# Nipple problems??



## babyjazy21 (Nov 16, 2008)

Hi ladies,

Well Im having some huge issues with my nipples! In the last weeks for some reason they are so itchy and they are cracking to the point where they start bleeding. I dont have children nor am i pregnant. Its just really wierd because it happened all of the sudden, they get extremely itchy and once they start cracking it hurts soooo much 
	

	
	
		
		

		
			





. I dont know what to put on them, i tried putting lotion and vaseline but that just makes it worse.
Have any of you ladies had this same problem?
Any suggestions are greatly appreciated. Thanks!


----------



## Luceuk (Nov 16, 2008)

Have you changed your washing powder, or something else that could irritate skin?


----------



## ohnna-lee (Nov 16, 2008)

Quote:

   Originally Posted by *babyjazy21* 

 
_Hi ladies,

Well Im having some huge issues with my nipples! In the last weeks for some reason they are so itchy and they are cracking to the point where they start bleeding. I dont have children nor am i pregnant. Its just really wierd because it happened all of the sudden, they get extremely itchy and once they start cracking it hurts soooo much 
	

	
	
		
		

		
		
	


	




. I dont know what to put on them, i tried putting lotion and vaseline but that just makes it worse.
Have any of you ladies had this same problem?
Any suggestions are greatly appreciated. Thanks!_

 
It may be allergies, have you laundered your clothes with anything new? When you wash your tops or bras make sure you are putting them in the wash loosely to allow the drainage of any softener and such. Sometimes when you overload a wash it will leave behind deposits that can itch the daylights out of you. Not saying this is you but just throwing it out there.

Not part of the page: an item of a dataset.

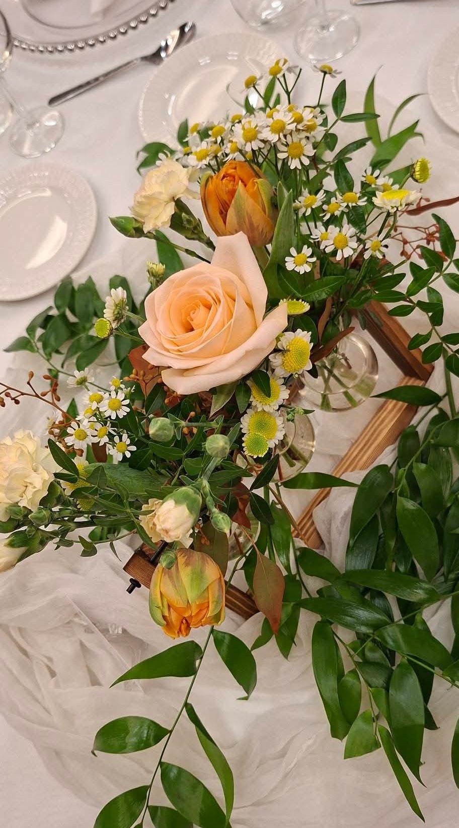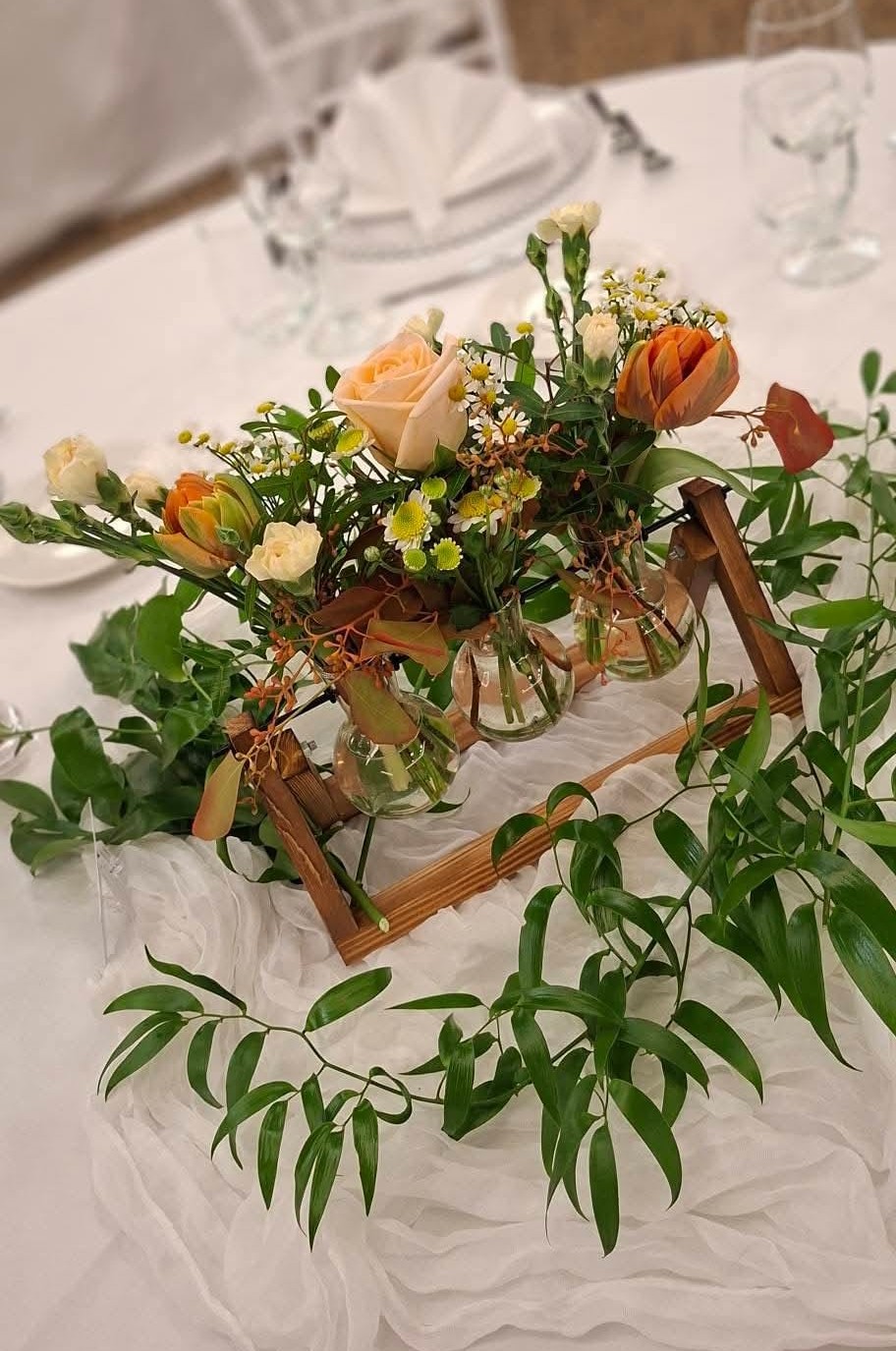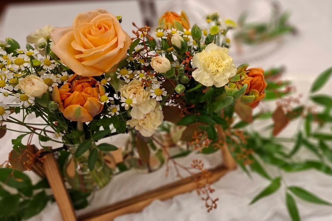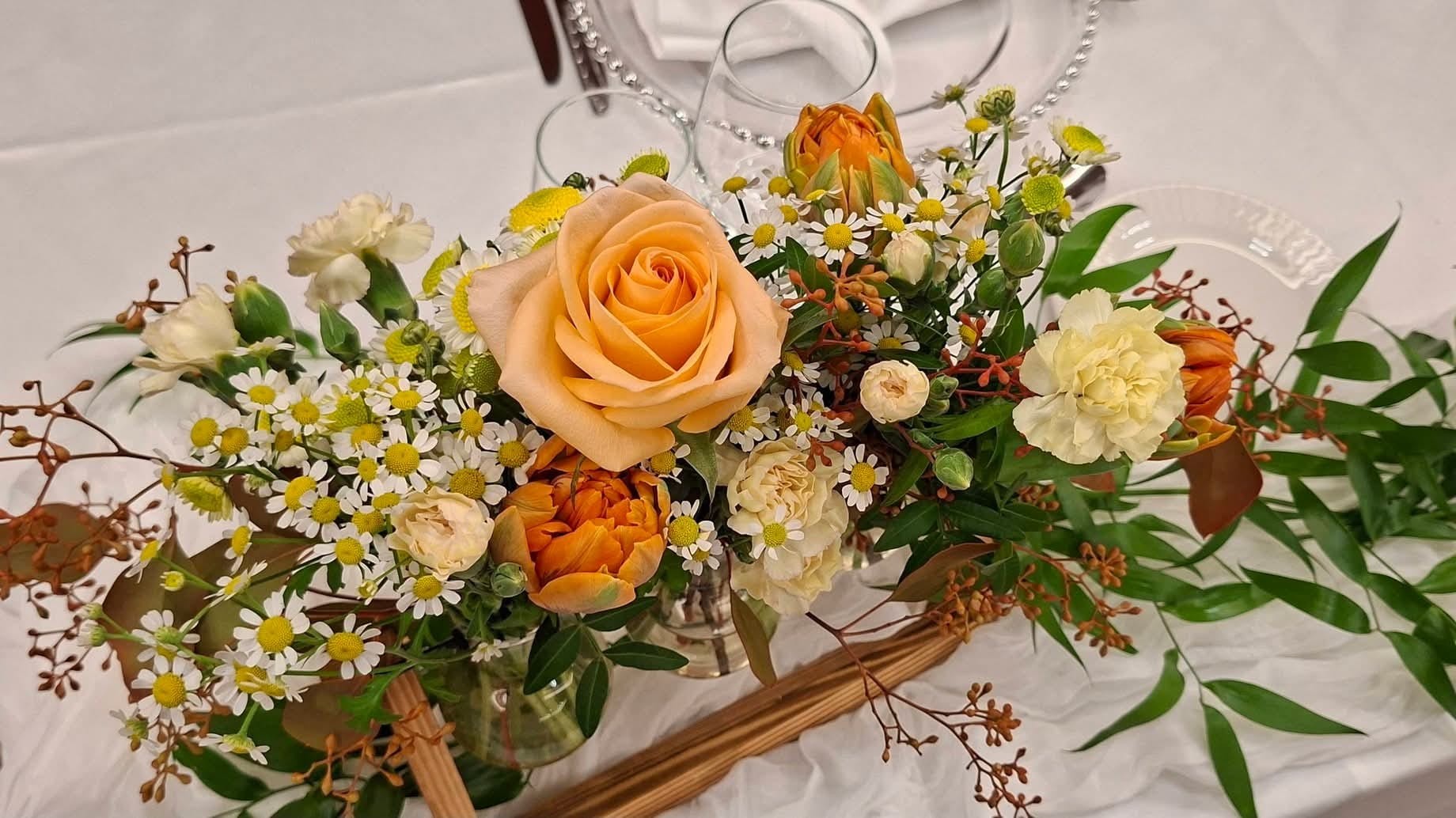 Acest aranjament floral, realizat pe suport tip eprubete, a fost creat pentru o cununie desfășurată toamna, având un aer cald, elegant și natural. Paleta cromatică specifică sezonului de toamnă cu nuanțe arămii, piersică, nude și îi aduce profunzime și rafinament decorului.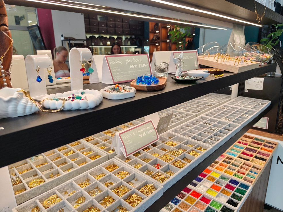 overview opening hours Discover a unique experience in the city centre. At Charm Bar Prague, you can try making your own original piece of jewelry — a bracelet or necklace — and take home a personal souvenir from Prague. Choose from dozens of charms, ranging from zodiac signs and delicate minerals to playful motifs, and assemble the jewelry according to your own taste. Take the finished piece with you immediately. The studio offers a friendly and creative atmosphere where you’ll feel right at home, whether you come alone, with a friend, or with family. Charm Bar Prague is located just a few minutes’ walk from Charles Square (Karlovo náměstí) and the Dancing House. opening hours january—december mon—sun 11:00—19:00 more about opening hours opening hours january—december mon—sun 11:00—19:00

I have had the itchies and it has been mainly when I am wearing bras for a while. They have never bleed but definitely on the tender side. 

There is a bag o balm that might soothe the chapped skin.


----------



## HeavenLeiBlu (Nov 16, 2008)

to releive them you can pick up a tube Lasninoh from the drug store ( in the baby or feminine products section), or or a jar of lanolin from the health food store. They're the exact same thing. I dunno what the cause is, but I hope you feel better!


----------



## TISH1124 (Nov 16, 2008)

It sounds like it may be eczema...I had this about 4 years ago...But nothing over the counter worked I had to get a rx cream from my Doctor...and I had to make sure when I was home I did not wear a bra and very light loose clothing until it cleared up because my doctor said they needed air in order to help them heal. I would see your dermatologist or your GYN to make sure it's not something reslly serious.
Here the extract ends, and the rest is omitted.